We skip order \(\epsilon \) terms in \(h\) and order \(\epsilon ^2\) terms in \(\theta \) since the nonlinearity contains no even terms. The unknown function \(v(x)\) must be an odd periodic function. At \(h_0\), the linear part of Eq. (16) has a one-dimensional nullspace (in the space of odd periodic functions) and is self-adjoint, so that the nullspace of the adjoint is the same; both are spanned by \(\sin (2\pi x/L).\) We write

$$\begin{aligned} G(x,h) = G(x,h_0) + (h-h_0)G_1(x) + \mathcal {O}(h-h_0)^2 \end{aligned}$$

where, for our choice of \(G\) (Eq. 2),

$$\begin{aligned} G_1(x) = - \exp \left( -x^2/\left( 2 \sigma _\mathrm{i}^2\right) \right) . \end{aligned}$$

Plugging the expansion for \(\theta (x)\) into (16) and looking at the order \(\epsilon ^3\) terms, we see that we are left with

$$\begin{aligned}&-\int _0^L G(|x-x'|,h_0)[v(x')-v(x)]\ \hbox {d}x' \\&\quad = h_2 r \int _0^L G_1(|x-x'|)[\sin (2\pi x'/L)-\sin (2\pi x/L)] \ \hbox {d}x' \\&\qquad + -\frac{r^3}{3}\int _0^L\!\! G(|x{-}x'|,h_0)[\sin (2\pi x'/L){-}\sin (2\pi x/L)]^3\ \hbox {d}x'. \end{aligned}$$

The function \(v(x)\) is unknown, and the convolution equation has a nontrivial nullspace so that the right-hand side must be in the range of the integral operator for there to be a solution \(v(x)\), whence we apply the Fredholm alternative theorem to the right-hand side; namely, we multiply it by \(\sin 2\pi x/L\), integrate from 0 to \(L\), and set the result to zero. Using a symbolic algebra program such as Maple or Reduce makes this quite simple, and we obtain the bifurcation equations:

$$\begin{aligned} 0 = r [ h_2 \alpha + \beta r^2] \end{aligned}$$
(19)

where \(\alpha ,\beta \) are the results of the integration. For example, using our parameters, \(\sigma _\mathrm{e}=1,\sigma _\mathrm{i}=2\), we obtain

$$\begin{aligned} \alpha =2\,\sqrt{\pi }\sqrt{2} \left( -1+{\mathrm{e}^{8\,{\frac{{\pi }^{2}}{{L }^{2}}}}} \right) {\mathrm{e}^{-8\,{\frac{{\pi }^{2}}{{L}^{2}}}}} \end{aligned}$$

The expression for \(\beta \) is considerably more complicated so we do not write it down explicitly here. Noting that the amplitude of the solutions is \(A:=\epsilon r\) and using the fact that \(h-h_0 = \epsilon ^2 h_1\), we see from (19), that

$$\begin{aligned} A = q \sqrt{h-h_0} \end{aligned}$$
(20)

where \(q=\sqrt{-\alpha /\beta }.\) The parameter \(q\) depends on \(L, \sigma _\mathrm{e},\sigma _\mathrm{i}\) and describes how rapidly the magnitude grows with deviation from the critical value of \(h\).

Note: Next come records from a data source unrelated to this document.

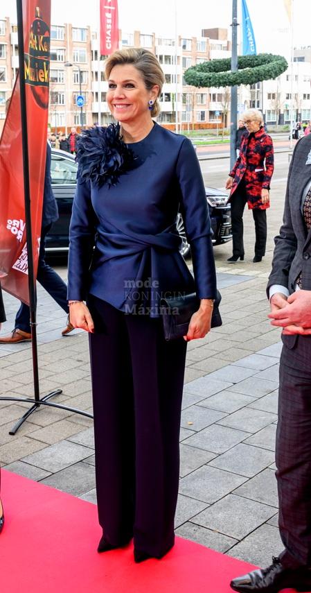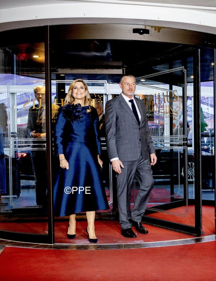 Vanochtend was koningin Máxima nog in Amsterdam. Speciaal voor deze gelegenheid heeft Máxima zich echter omgekleed. Ze gaat hier echt op chique. Een donkerblauwe satijnen midirok van Natan met een bijpassende korte donkerblauwe satijnen blousetop van Natan. Ook de decoratie met veren is afkomstig van het Belgische modehuis.
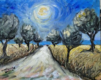 In diesem Ölgemälde wollte ich die lebendige Essenz der Natur auf dem Pfad zwischen den Olivenbäumen einfangen. Mit intensiven Farben und kräftigen Pinselstrichen drückte ich tiefe Emotionen aus. Das einhüllende Sonnenlicht erhellt den Weg und vermittelt ein Gefühl der Hoffnung und des Neubeginns. Diese vitale Energie in Ihr Zuhause zu holen bedeutet, sich jeden Tag auf eine Reise des Friedens und der inneren Stärke zu begeben.
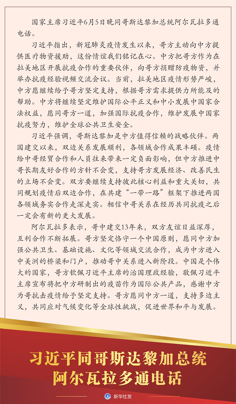 习近平指出,新冠肺炎疫情发生以来,哥方主动向中方提供医疗物资援助,这份情谊我们铭记在心。中方把哥方作为在拉美地区开展抗疫合作的重要伙伴,向哥方捐赠防疫物资,并举办抗疫经验视频交流会议。当前,拉美地区疫情形势严峻,中方愿继续给予哥方坚定支持,根据哥方需求提供力所能及的帮助。中方将继续坚定维护国际公平正义和中小发展中国家合法权益,愿同哥方一道,加强国际抗疫合作,维护发展中国家抗疫努力,维护全球公共卫生安全。
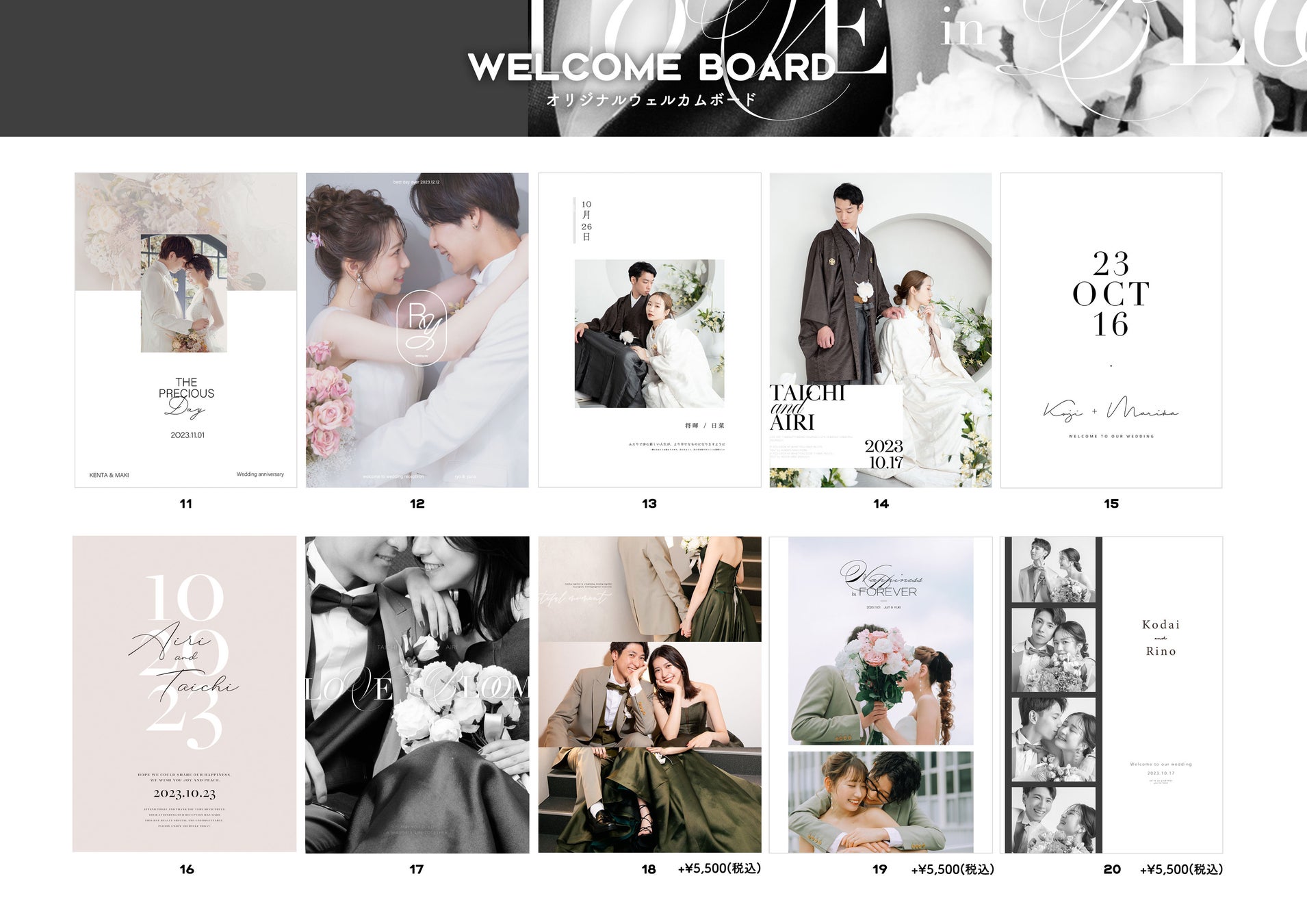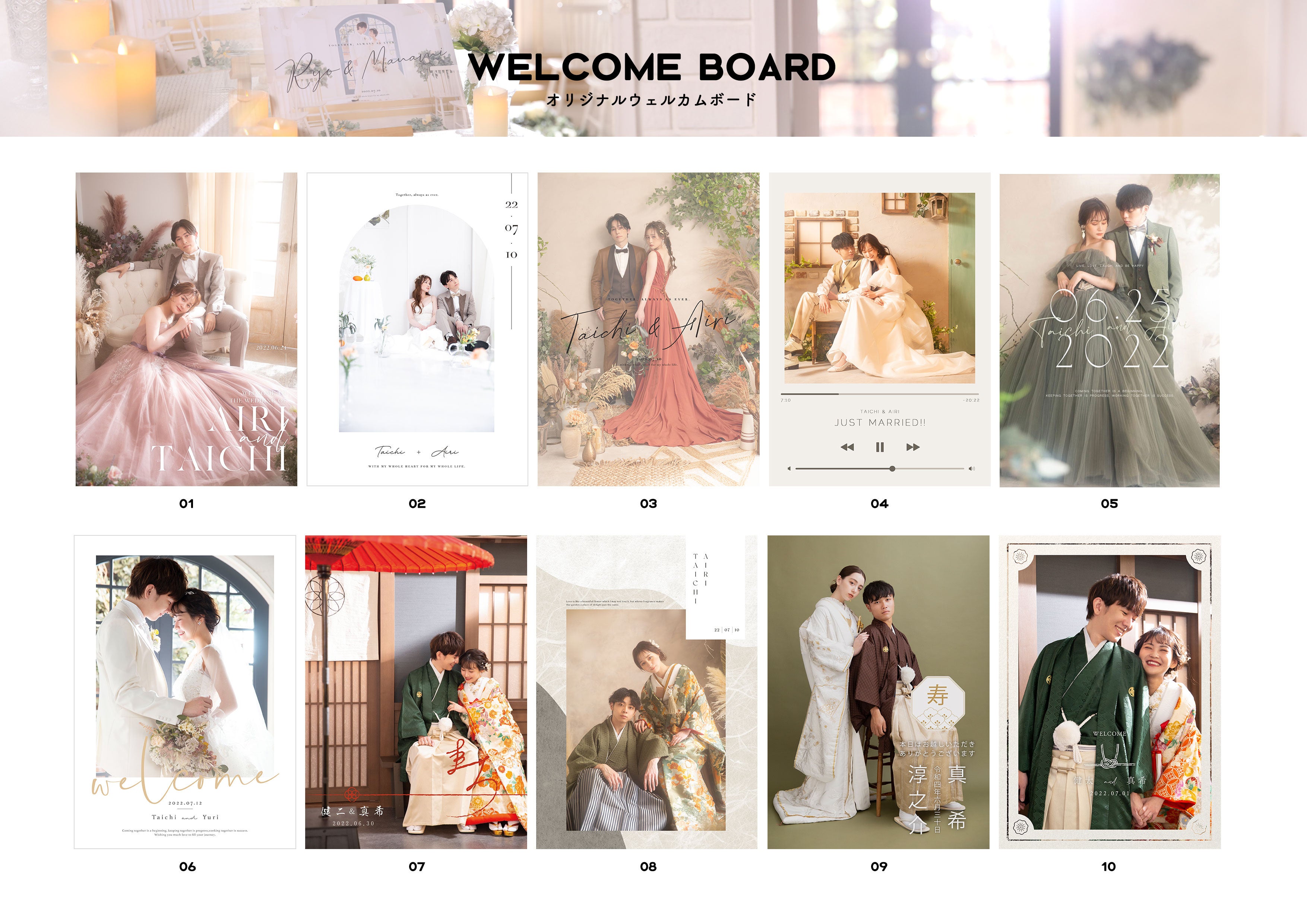 北海道主要市に展開する写真工房ぱれっと、三景スタジオでフォトウエディング撮影をされた方に提供しているウェルカムボードに新デザインが登場。デザインが合計20種類から選べるようになりました。
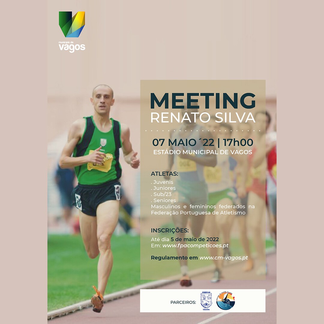 No próximo sábado, dia 7 de maio, o Estádio Municipal de Vagos vai acolher o Meeting Renato Silva. Este evento tem a organização do Município de Vagos em parceria com o GRECAS e com a Associação de Atletismo de Aveiro e, para além da competição, terá como objetivo homenagear o reconhecido atleta vaguense que, entre outros, ostentou as cores do Grecas e do Sport Lisboa e Benfica.
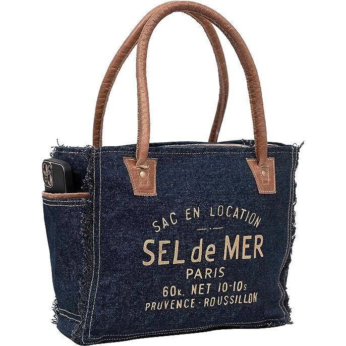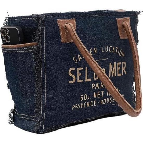 Сумки Sel De Mer Ручная сумка из переработанного холста Большая сумка из переработанного холста и воловьей кожи Сияющая кожаная сумка из переработанного холста
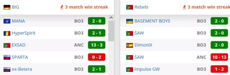 Четыре победы в последних пяти матчах у команды. Со счетами 2-1 выиграли у ex-Betera и HyperSpirit, на двух картах переиграли MANA, со счетом 13-3 победили EXSAD. Со счетом 0-2 уступили SPARTA.
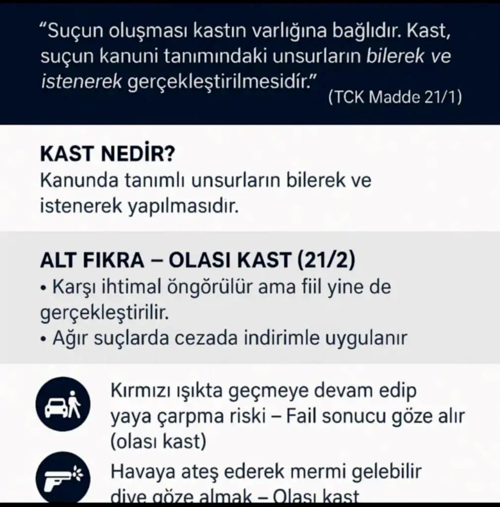 TCK 21/1, yani Türk Ceza Kanunu madde 21, birinci fıkra, ceza sorumluluğunun temel şartlarından biri olan kast ilkesini düzenler. Bu

Figure 7a shows the predicted amplitude of the solution for \(L=20\) along with the true magnitude. Panels b and c show the numerical solutions (gray) compared to the sinusoidal solutions (black) predicted from the analysis. Even for solutions with quite a large amplitude (close to \(\pi \)), the theory matches well. If \(q^2<0\), then we must have \(h<h_0\) and the bifurcation is subcritical and unstable. For \(q^2>0\), the bifurcation is supercritical and implies that small stable ripple solutions will bifurcate from the synchronous state. The function \(q=q(L)\) is plotted in Fig. 7d and for all \(L>0\), is positive for \(\sigma _\mathrm{e}=1,\sigma _\mathrm{i}=2.\)

Fig. 7
figure 7

Comparison of the numerical continuation with the analytic calculation for the ripple. a Comparison of the amplitude of the numerical solution with the normal form approximation (Eq. 20) for a ring of length \(L=20\). b The shape of the ripple obtained numerically (gray) along with the normal form approximation (black) for the case of weak inhibition \((h=0.2)\). c Same as panel b but in this case for medium inhibition \((h=0.4)\). d Dependence of the magnitude parameter \(q\) on the ring length \(L\)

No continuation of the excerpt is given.